Guide BOAT-COMPARATOR
Accoster à couple : s’amarrer sur un autre bateau sans stress
Ports saturés, quais d’attente, rassemblements : s’amarrer à couple d’un autre bateau est une manœuvre courante. Technique, amarres croisées et étiquette du bord à bord.
Un soir d’août dans un port breton ou sur le quai d’attente d’une écluse, la capitainerie vous l’annoncera à la VHF : « Vous vous mettrez à couple du voilier bleu. » S’amarrer bord à bord contre un autre bateau est une manœuvre parfaitement courante — et une source d’angoisse inutile pour beaucoup de locataires. Voici comment la réussir, et comment bien vivre ensuite.
Préparer le bateau avant d’approcher
Tout se joue avant le contact : défenses en nombre sur le bord d’accostage, réglées à la hauteur du liston du bateau receveur — pas du quai —, une amarre frappée à l’avant et une à l’arrière, chacune lovée et prête à passer. Prévenez le bateau receveur à la voix ou à la VHF, et briefez l’équipage : personne ne saute, on passe les amarres. Notre guide des défenses et pare-battages détaille le placement, et les bases de l’amarrage au port restent le prérequis.

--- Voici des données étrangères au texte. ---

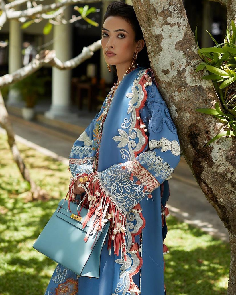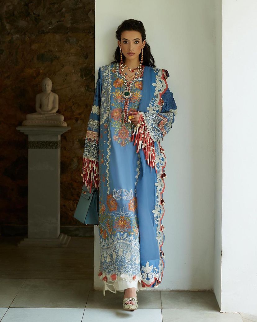 As Azure unfolds its enchanting canvas, 'Ziva' paints a mesmerizing tableau, where a riot of florets and folioles dance in sublime harmony. Élan's signature taankas, in shades of moss, scarlet, tangerine, sage, and ivory, adorn this exquisite embroidered composition. Meticulously laid schiffli details in heavenly ivory add an oomph of allure, while a light-as-air dupatta, embraced by embroidered ivory scallops, completes this creation of feminine allure, elevated textures, and luxurious accents
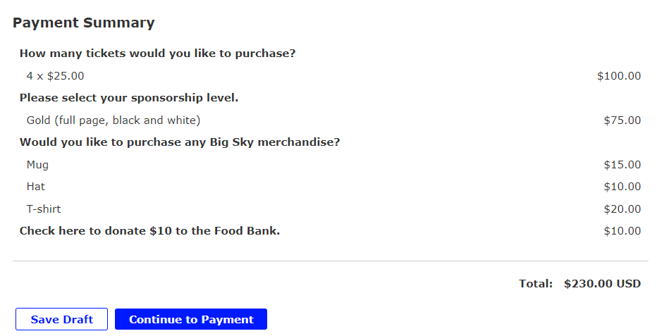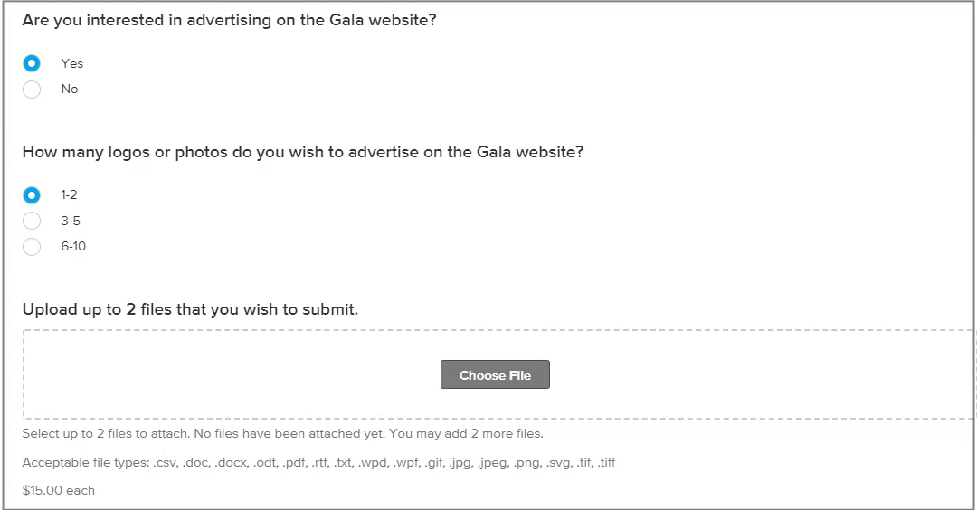 Sell products and services throughout your application form, such as merchandise or subscriptions, professional or consulting services, or sell tickets to an upcoming event.
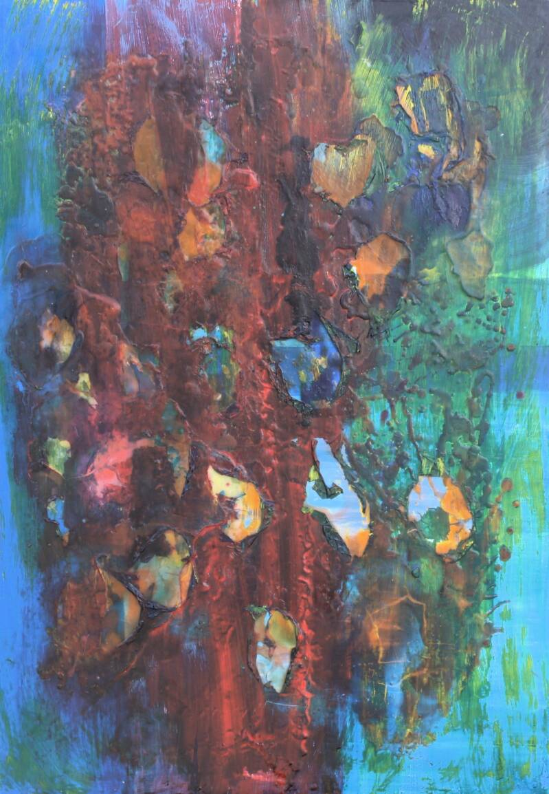 73 * 50 cm Wachs & Lack auf Keilrahmen; Preis auf Anfrage.
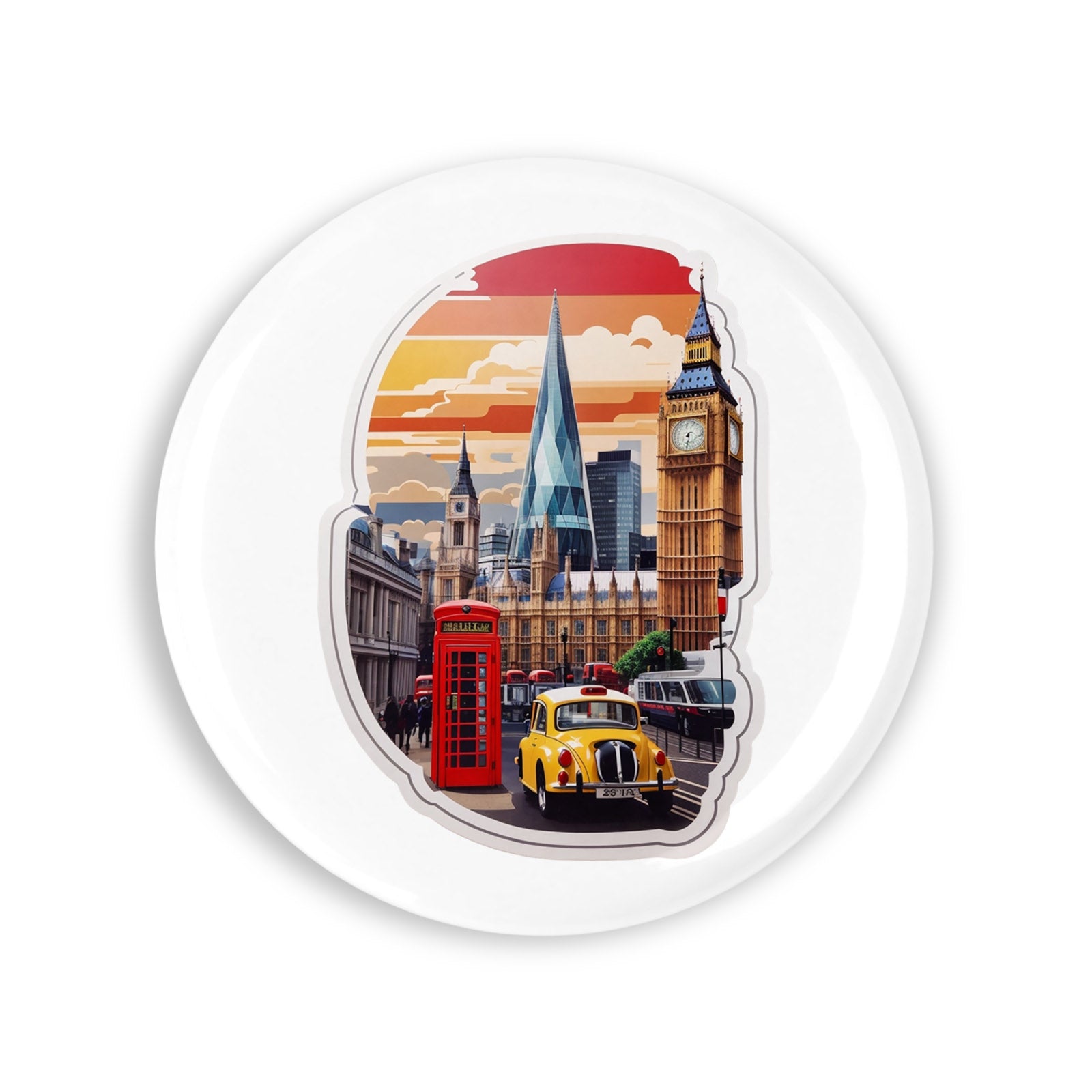 Set 4 insigne, Orasul Londra Big Ben, NO8460, Metal, 44 mm, Multicolor
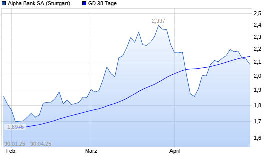 Mit dem Rücksetzer auf 2,11 EUR hat die Alpha Bank-Aktie am 29.04.2025 die 38-Tage-Linie nach unten gekreuzt.
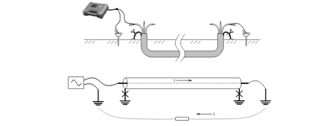 電流自發(fā)射機(jī)流經(jīng)芯線,在電纜對端進(jìn)入大地,流回近端返回發(fā)射機(jī)。這種接法在地面探測時(shí)接收機(jī)可以感應(yīng)到很強(qiáng)的信號國電西高信號特性比較明確,可以充分利用儀器的防誤跟蹤功能;信號在絕緣良好的芯線上流過,不會流到鄰近管線上,尤其不會流到交叉的金屬管道上,最適于在復(fù)雜環(huán)境下進(jìn)行路徑查找。另外由于電纜接地,流經(jīng)電纜的信號電壓很低,不容易對鄰線產(chǎn)生電容耦合,減少干擾。
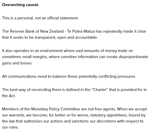 That final provision in c) looks to have been designed to cater for MPC member speeches. It is easy to announce in advance that an address will be being given and to commit to release the text on the Bank’s website when the address is being given. Whether speakers stick to their written text – Orr apparently rarely does – is perhaps harder to police.
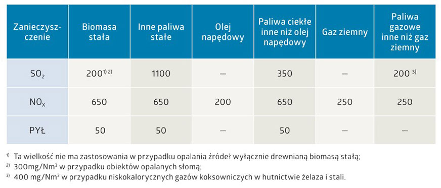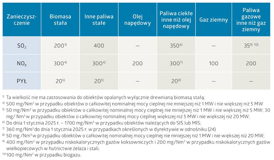 Dla istniejących średnich obiektów energetycznego spalania o nominalnej mocy cieplnej większej niż 5 MW, innych niż silniki i turbiny gazowe, w przypadku SO2 i pyłu, dopuszczalne wartości emisji, szczególnie dla paliw stałych, są znacznie niższe od ww. wartości wymienionych w tabeli 1.
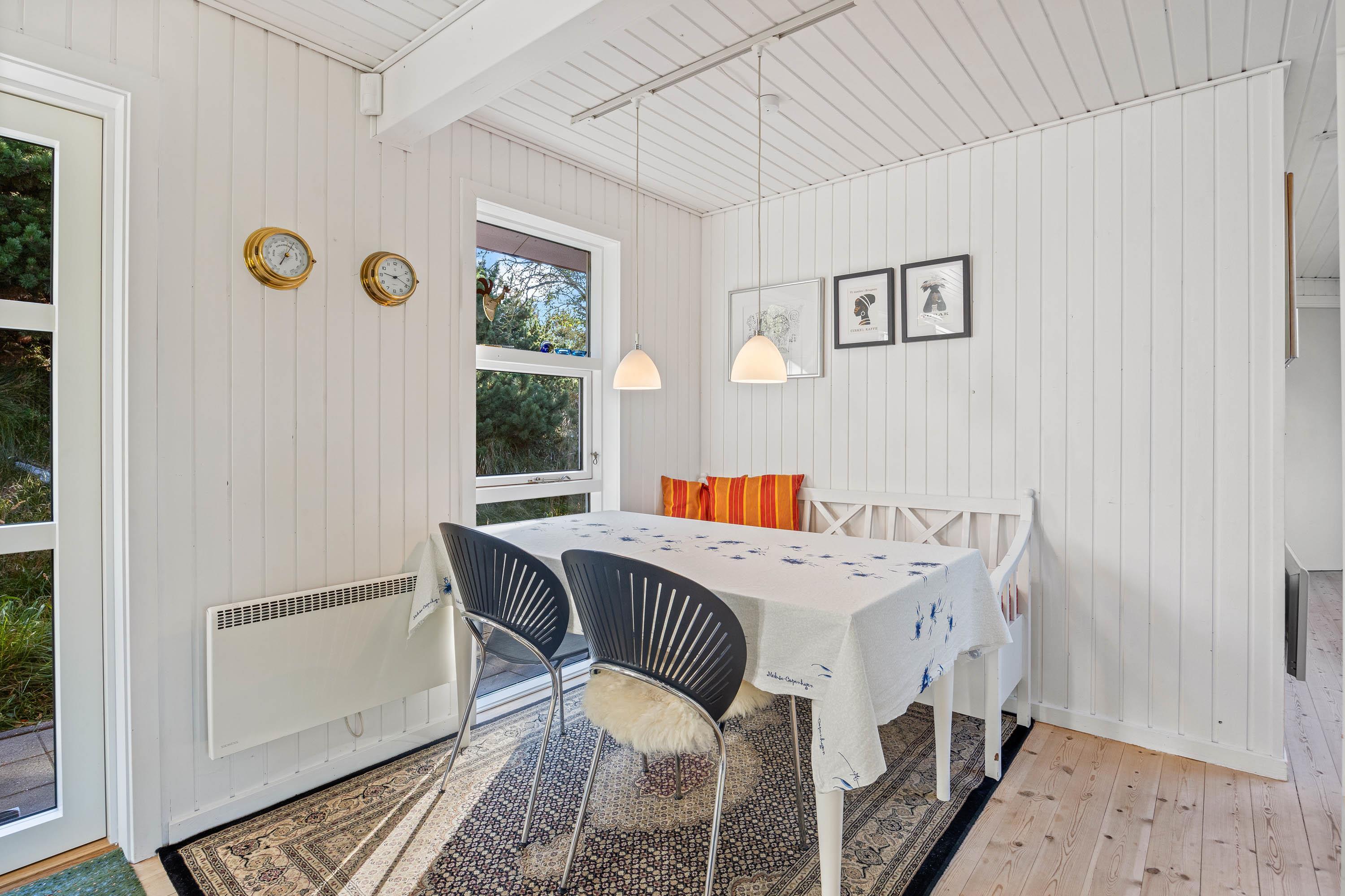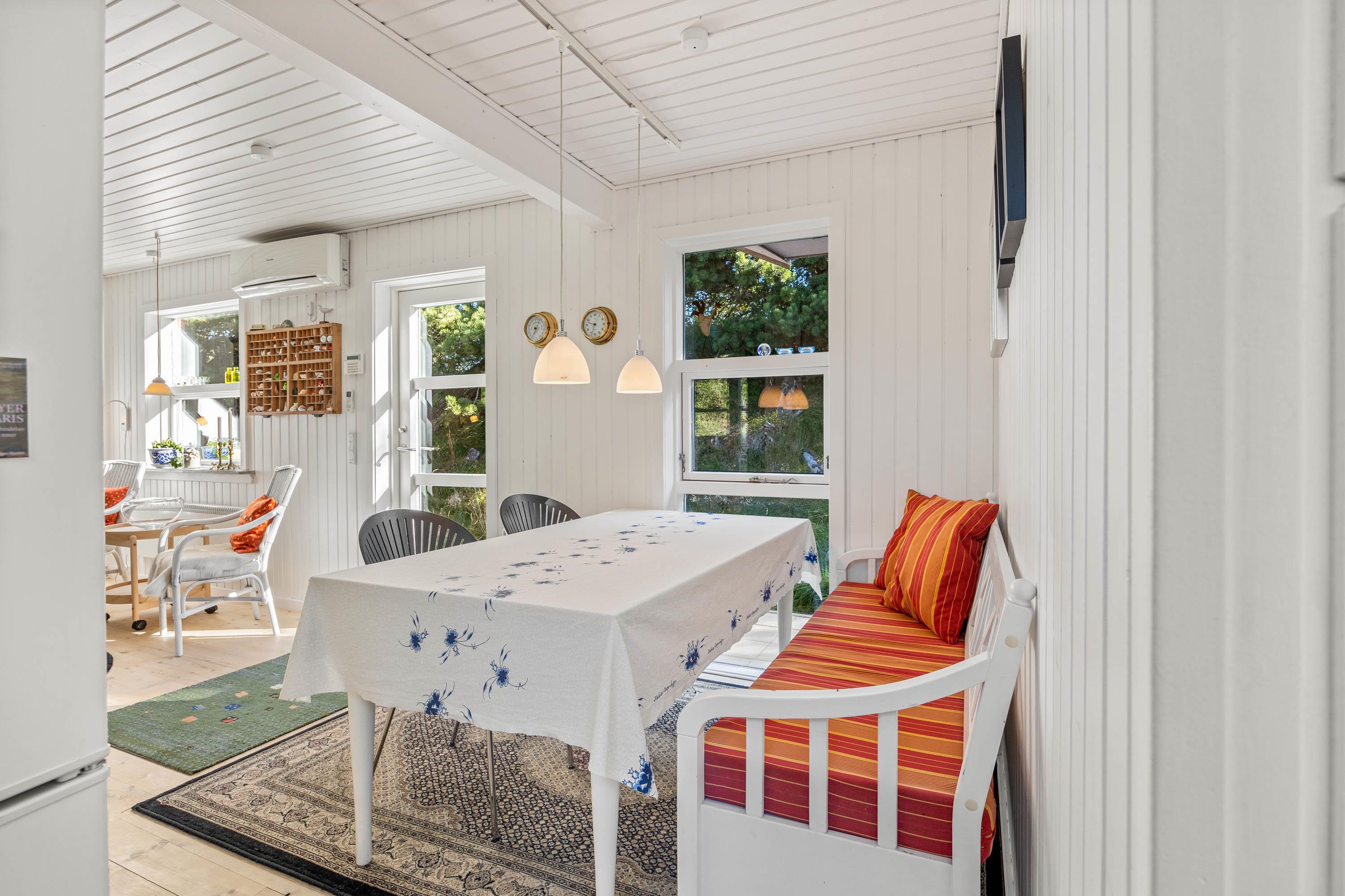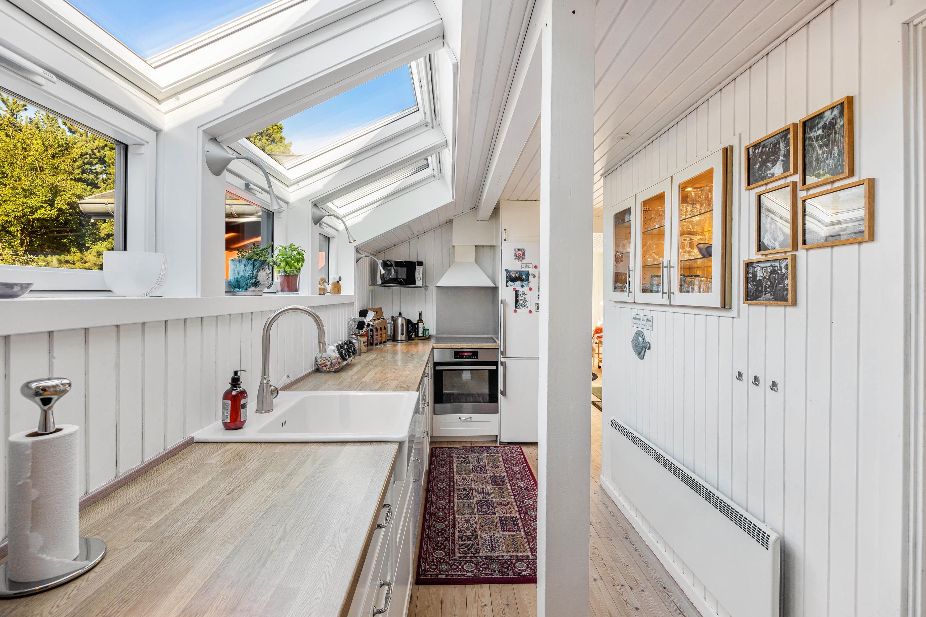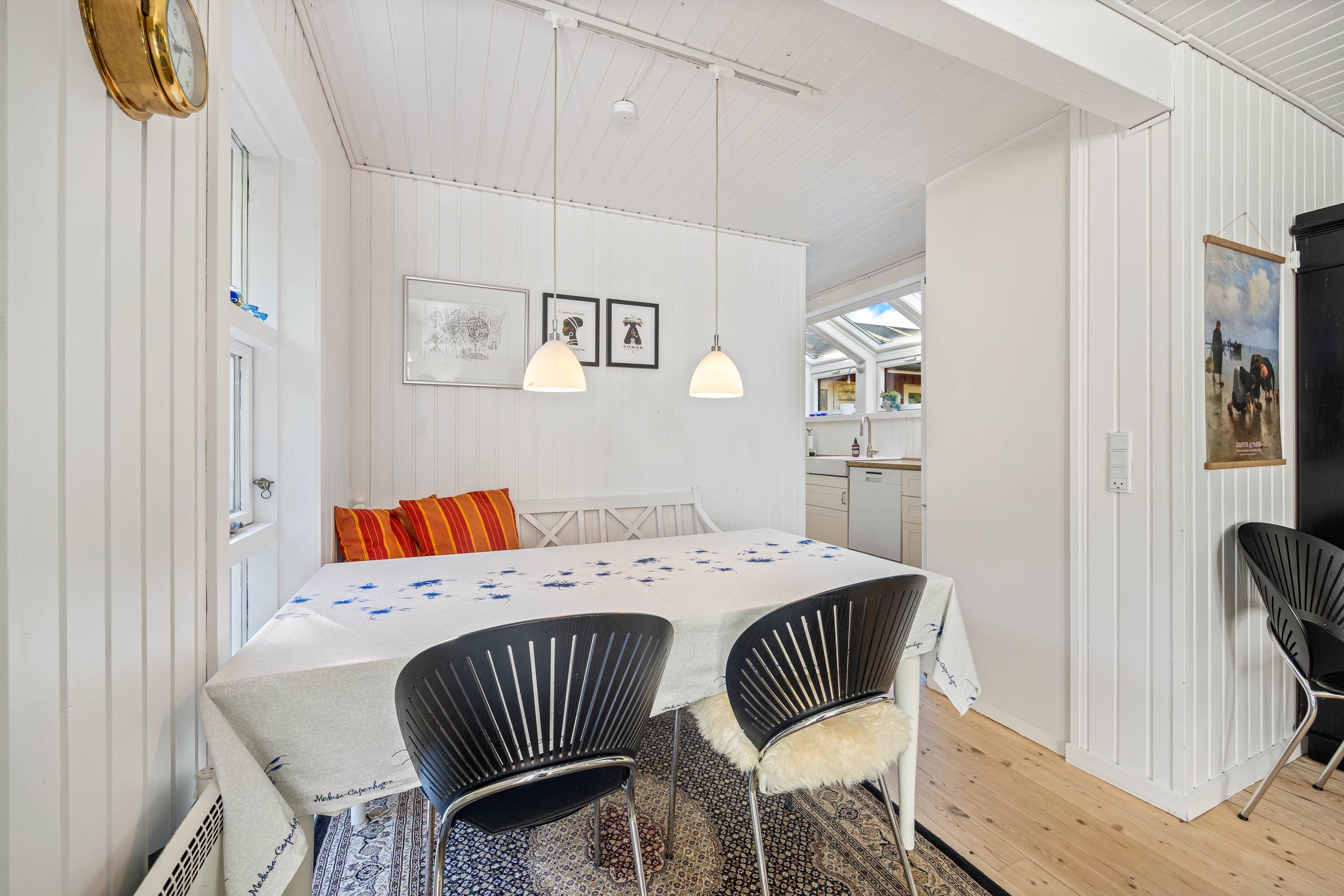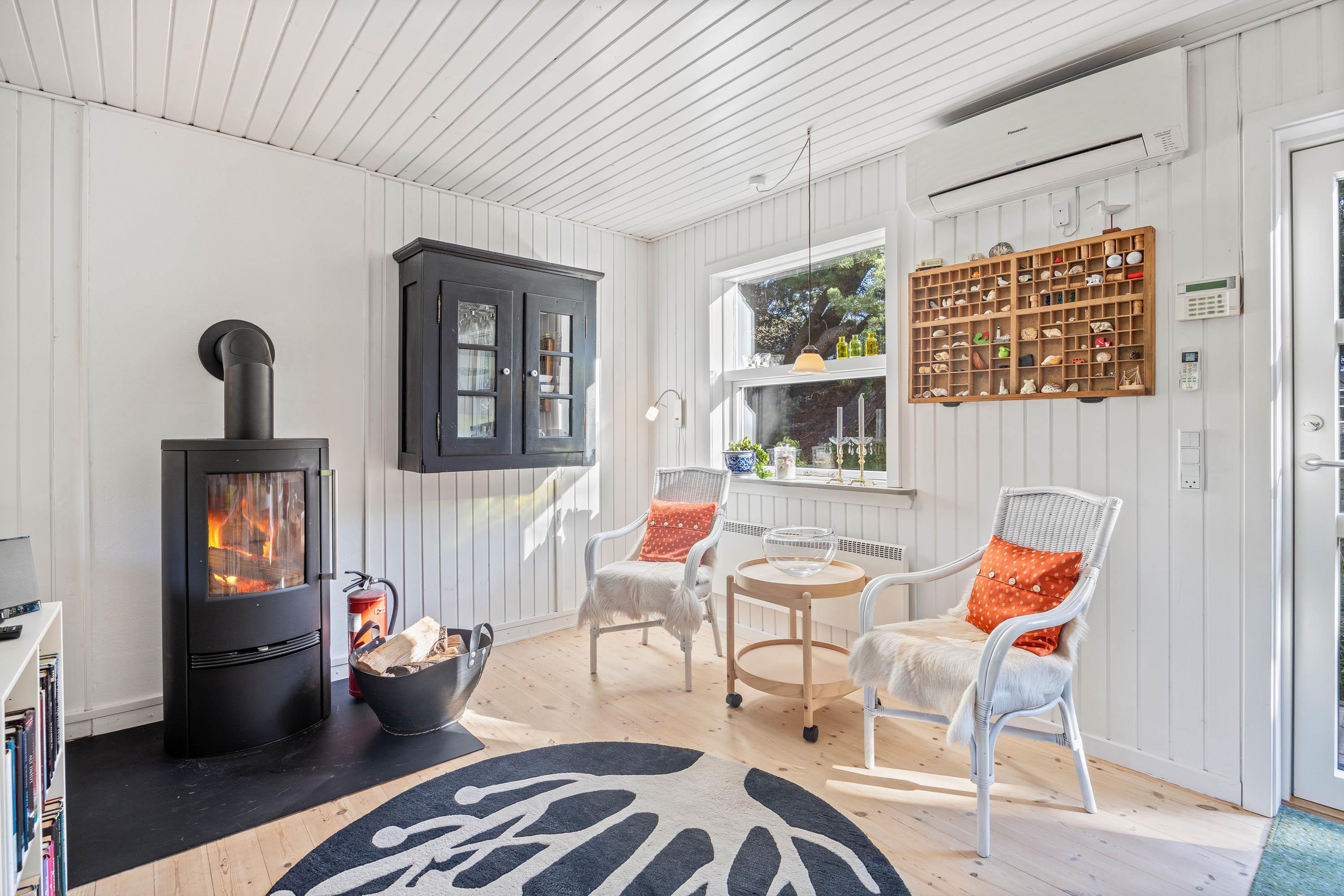 Husets rustikke stue har trægulve, og der kan tændes op til familiehygge i brændeovnen. I det praktiske køkken, udstyret med en 70 liters fryser, er der også opvaskemaskine. Derudover er der tre soveværelser med to dobbeltsenge og to enkeltsenge ligeledes med trægulve, og på badeværelset er der gulvvarme. Sommerhuset er udstyret med en moderne energisparende varmepumpe, der sørger for hurtig og effektiv opvarmning, og der er både vaskemaskine og tørretumbler, der sikrer at komforten er i top. Desuden er der Chromecast og fibernet.

L’approche : lente, parallèle, décalée
Approchez au pas, parallèle au bateau receveur, en visant un léger décalage : sur deux voiliers, les mâts ne doivent pas être alignés, pour que les barres de flèche ne s’accrochent pas en cas de roulis. L’eau qui circule entre deux coques proches crée des effets d’aspiration et de répulsion bien réels — mesurés en bassin d’essais par Vantorre et ses coauteurs dans leurs campagnes de référence sur les interactions entre navires (voir l’étude sur Google Scholar) : plus l’approche est lente, plus ces effets restent négligeables. Un propulseur d’étrave aide à plaquer l’avant en douceur au dernier moment.
L’amarrage : pointes, gardes… et le quai
Passez d’abord une pointe avant et une pointe arrière sur les taquets du voisin, puis deux gardes croisées qui empêchent le mouvement d’avant en arrière. Règle d’or du paquet : si vous restez la nuit, doublez avec vos propres pointes longues menées jusqu’au quai — le voisin ne doit pas porter seul votre poids, surtout en zone de marée où tout le monde monte et descend ensemble. Vérifiez vos nœuds : tour mort et deux demi-clés sur les taquets pleins, jamais de nœud fantaisie sur l’amarre d’un tiers.
L’étiquette du bord à bord
Elle tient en trois usages : on demande l’autorisation quand c’est possible, on traverse le bateau voisin par l’avant du mât — jamais par le cockpit —, et on se fait discret tôt le matin et tard le soir. Échangez vos heures de départ dès l’amarrage : si le bateau intérieur part avant vous, il faudra larguer, écarter et refaire l’amarrage — manœuvre simple à deux équipages coordonnés. En quittant le paquet, refrappez proprement les amarres de ceux qui restent.
Et la casse, dans tout ça ?
À couple, une rayure de gel-coat est vite arrivée — et c’est exactement le genre de détail qui se règle à la restitution. Photographiez les deux bords à l’arrivée et au départ comme le recommande notre guide de l’état des lieux, et relisez ce que couvre votre caution. Bien menée, la manœuvre ne laisse aucune trace — que des voisins de ponton avec qui partager l’apéro.